According to Dr. Amanat, rape trauma syndrome is one of many specific syndromes included in the general classification of post-traumatic stress disorder caused by serious life traumas. The content of the response to the trauma varies with the type. Thus, the symptoms of a person suffering from post-traumatic stress disorder caused by combat would not be entirely the same as those of a person suffering from post-traumatic stress disorder induced by rape. Rape produces a specific and unique pattern of responses because it is a combination of physical and sexual assault.

Dr.

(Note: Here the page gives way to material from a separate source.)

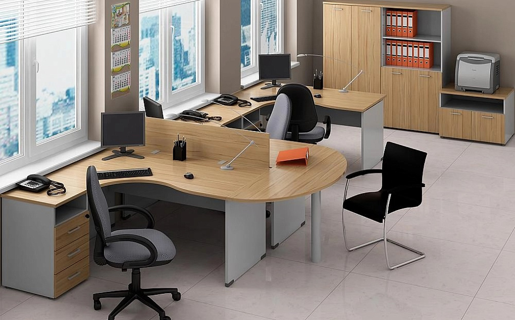Много вспомогательных столов и элементов. Например, тумба под крупную оргтехнику или набор стеллажей.
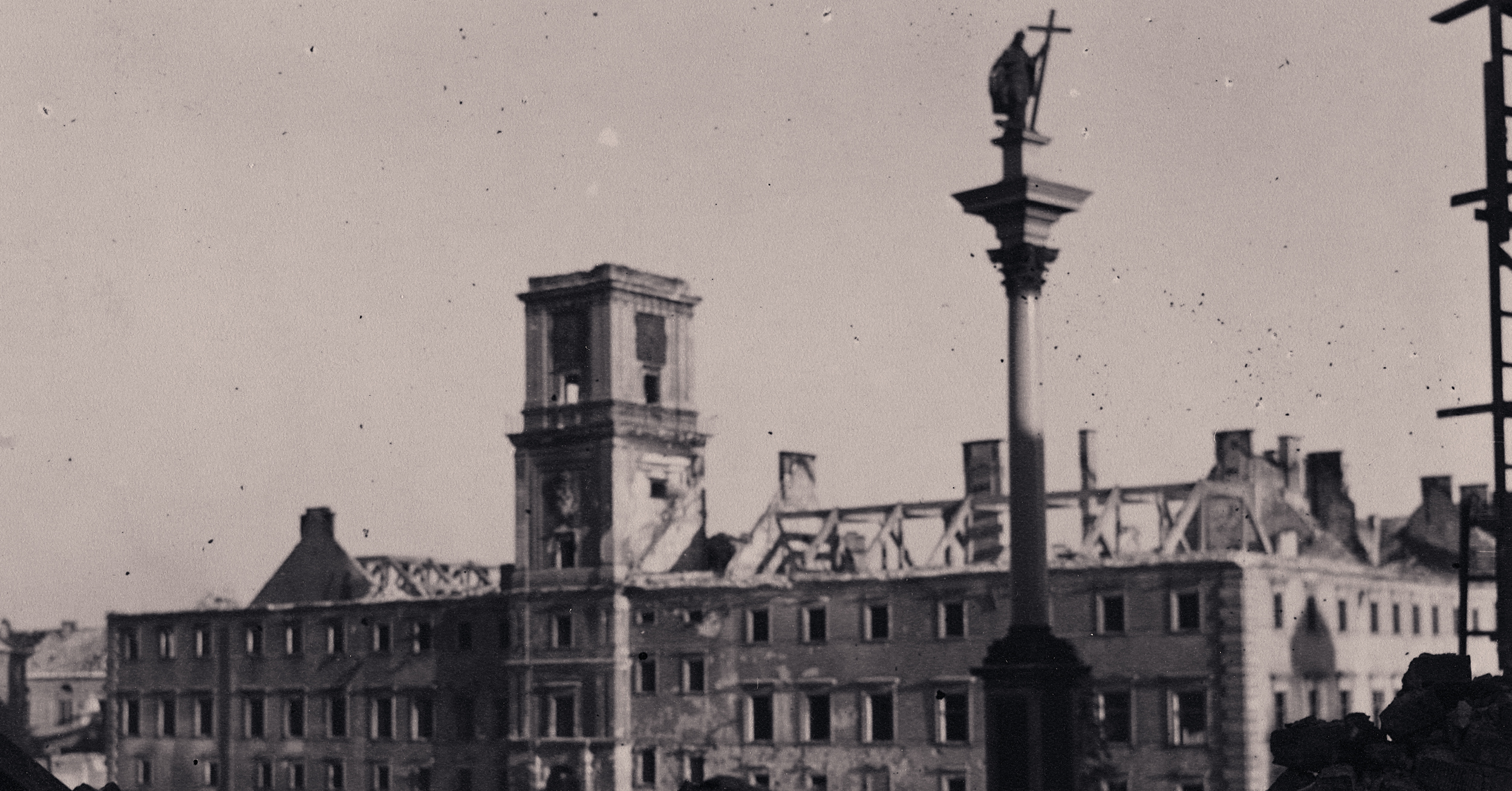 Zdjęcie: Zniszczony Zamek Królewski i Kolumna Zygmunta III Wazy, Jan Ryś, pocztówka, zbiory Muzeum Warszawy

Amanat testified that he approached the victim’s disorder as rape trauma syndrome because she told him she had been raped and because her nonverbal responses during the examination verified this information. Further, he testified that he normally considers a patient’s psychological makeup and history in arriving at his diagnosis and that, to the best of his knowledge, there was nothing in the victim’s history outside the alleged rape that would have caused the intensity of her response. He also stated that the diagnosis of rape trauma syndrome using the techniques he applied is 80 percent reliable.

Literature covering the treatment of the psychiatric consequences of rape supports Dr. Amanat’s testimony that rape trauma syndrome is generally accepted as a common reaction to sexual assault. See McCombie, The Rape Crisis Intervention Handbook 724-26 (1980); Kaplan, Freedman and Sadock, Comprehensive Textbook of Psychiatry §§ 21.1d, 24.15 (3d ed. 1980); C. Warner, Rape and Sexual Assault 145-49 (1980); Burgess and Holmstrom, Rape: Crisis and Recovery 35-47 (1979).

A number of other jurisdictions have dealt with the subject matter of rape trauma syndrome, permitting psychiatrists and others to explain in trial under varying circumstances the symptoms and express the professional opinion that rape could be the cause of a victim’s condition. See Redmond v. Baxley, 475 F.Supp. 1111 (E.D.Mich.1979) (civil action); People v. Mathews, 91 Cal.App.3d 1018, 1021, 154 Cal.Rptr. 628 (1979) (defense to criminal charge); Division of Corrections v. Wynn, 438 So.2d 446 (Fla.App.1983); Alphonso v. Charity Hospital of Louisiana at New Orleans, 413 So.2d 982 (La.App.1982); Terrio v. McDonough, 16 Mass.App.